**SUPPLIED INFORMATION**.
-------------------------

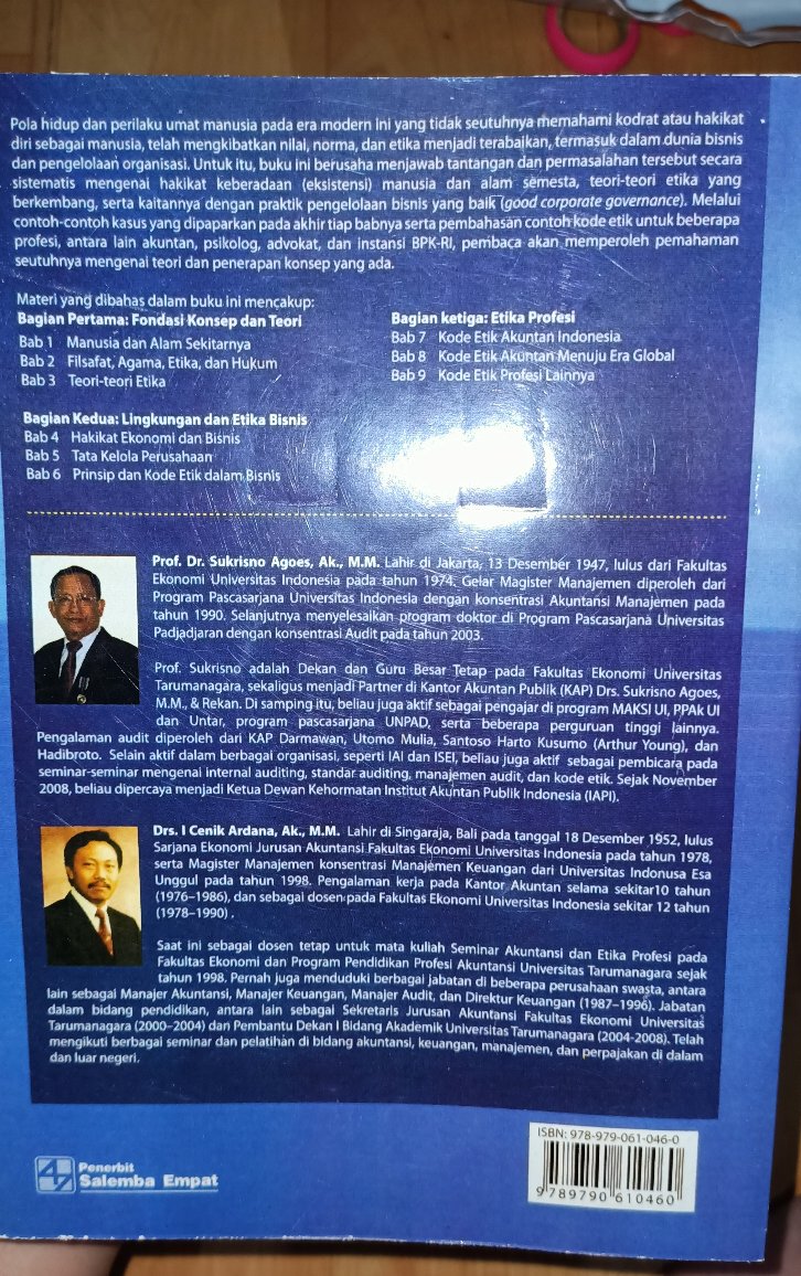 Request Full-text Paper PDF ... Etika Bisnis dan Profesi: tantangan membangun manusia seutuhnya. Jan 2006. Sukrisno Agoes. Agoes, Sukrisno. 2006.
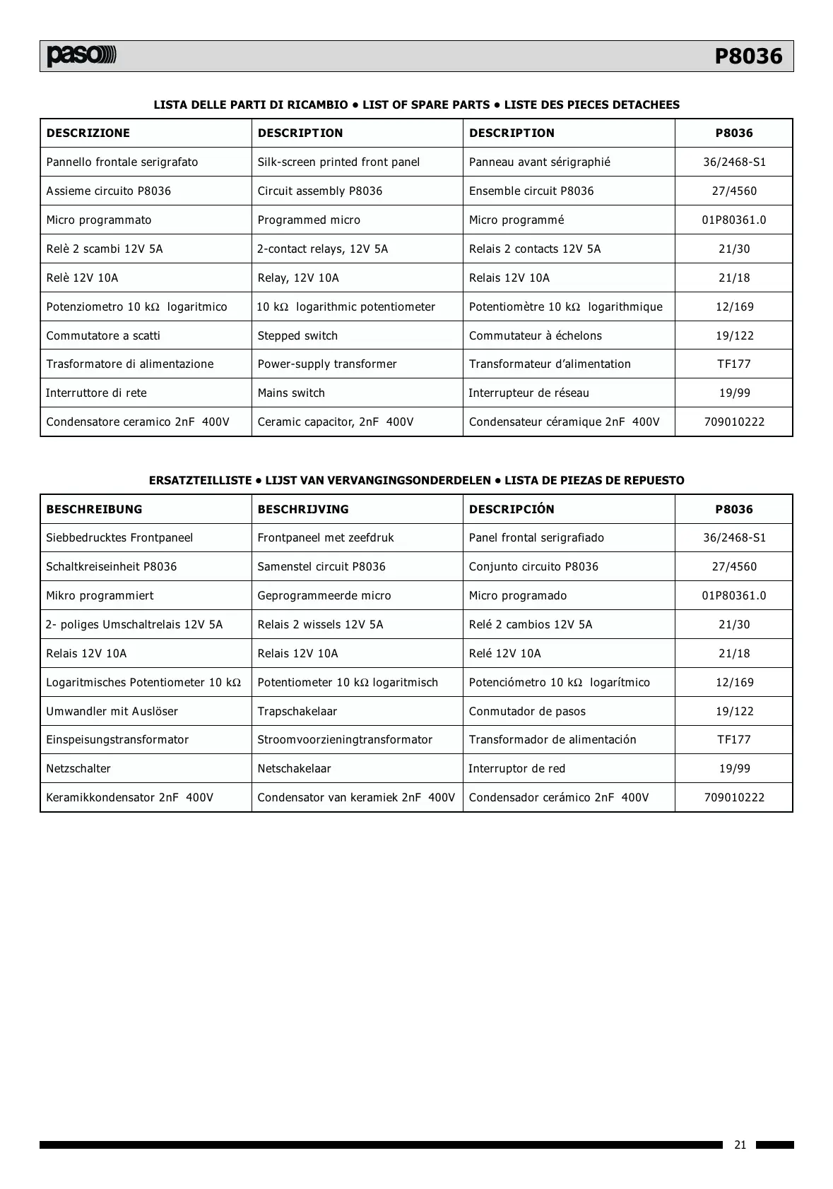 LISTA DELLE PARTI DI RICAMBIO LIST OF SPARE PARTS LISTE DES PIECES DETACHEES
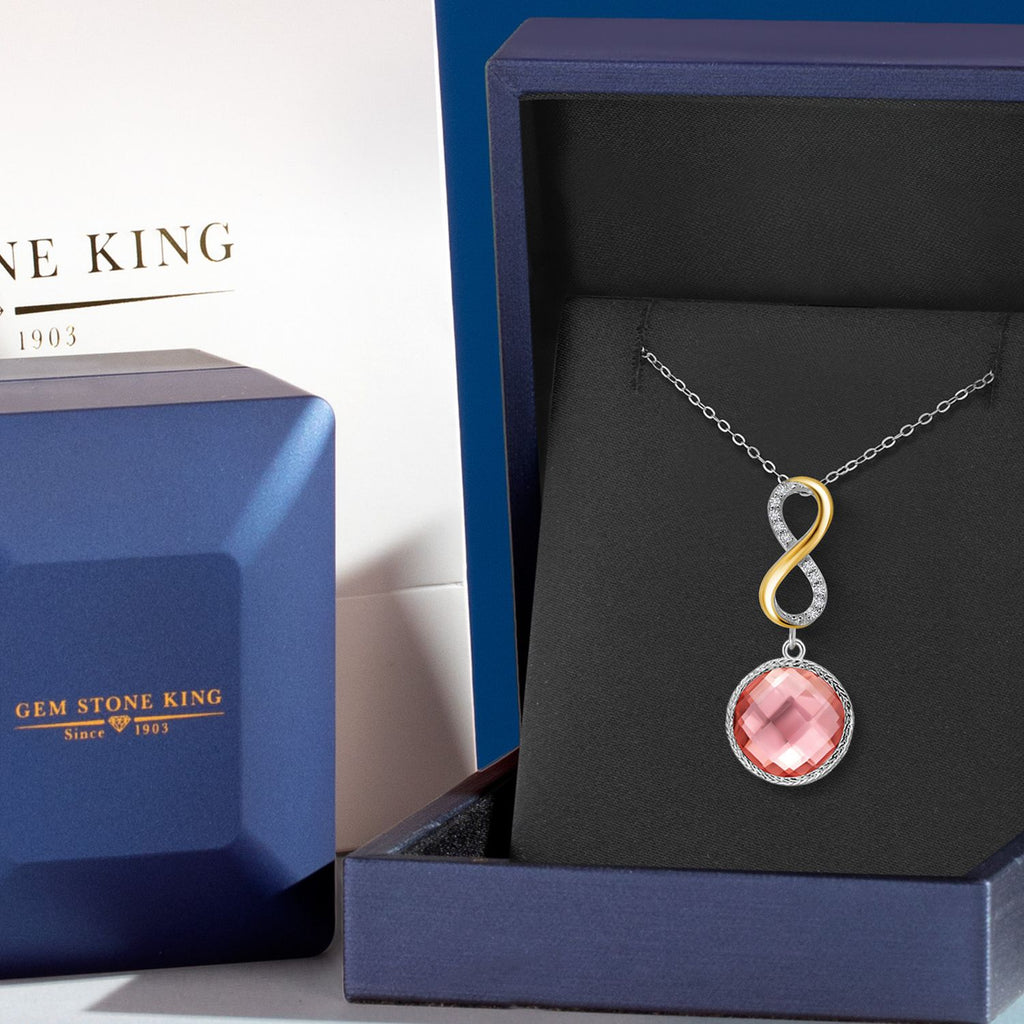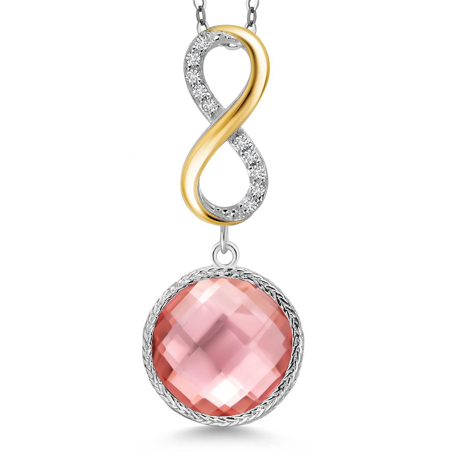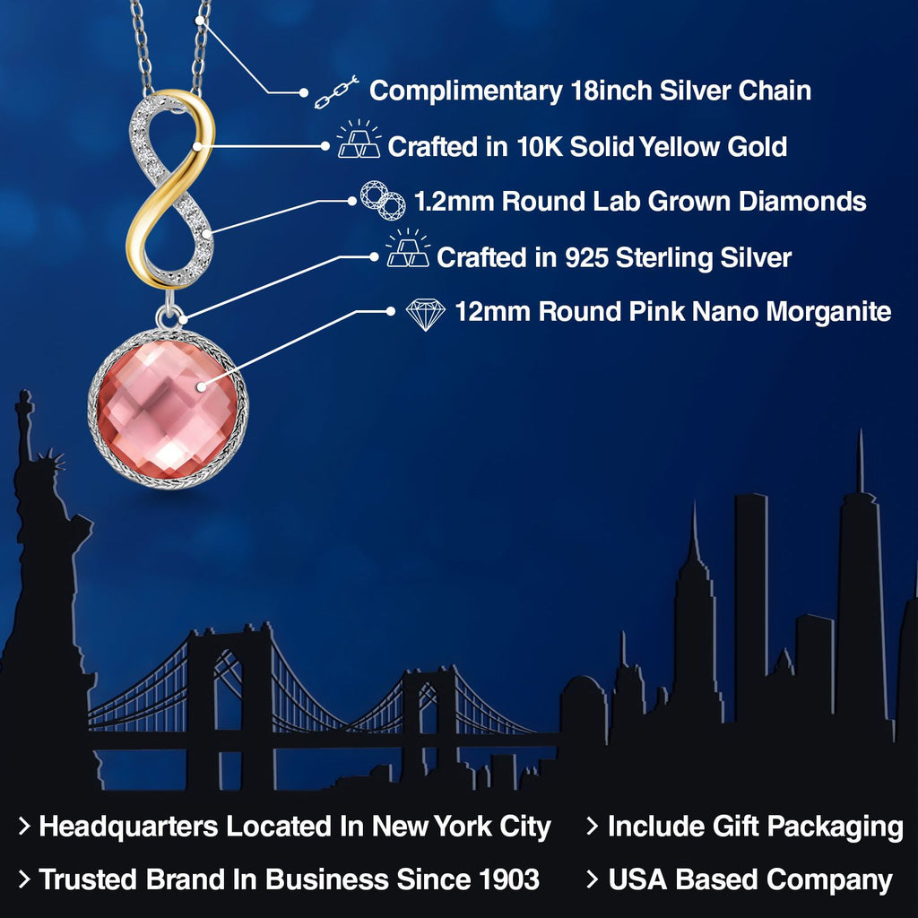 925 Sterling Silver Peach Nano Morganite and White Lab Grown Diamond Pendant Necklace for Women | 6.78 Cttw | Gemstone March Birthstone | Round 12MM | With 18 Inch Chain

-------------------------

**EXERCISE OBJECTIVE**.
Repeat the data exactly, excluding the pictures.

**OUTPUT FOR THIS TASK**.
 Request Full-text Paper PDF ... Etika Bisnis dan Profesi: tantangan membangun manusia seutuhnya. Jan 2006. Sukrisno Agoes. Agoes, Sukrisno. 2006.
 LISTA DELLE PARTI DI RICAMBIO LIST OF SPARE PARTS LISTE DES PIECES DETACHEES
 925 Sterling Silver Peach Nano Morganite and White Lab Grown Diamond Pendant Necklace for Women | 6.78 Cttw | Gemstone March Birthstone | Round 12MM | With 18 Inch Chain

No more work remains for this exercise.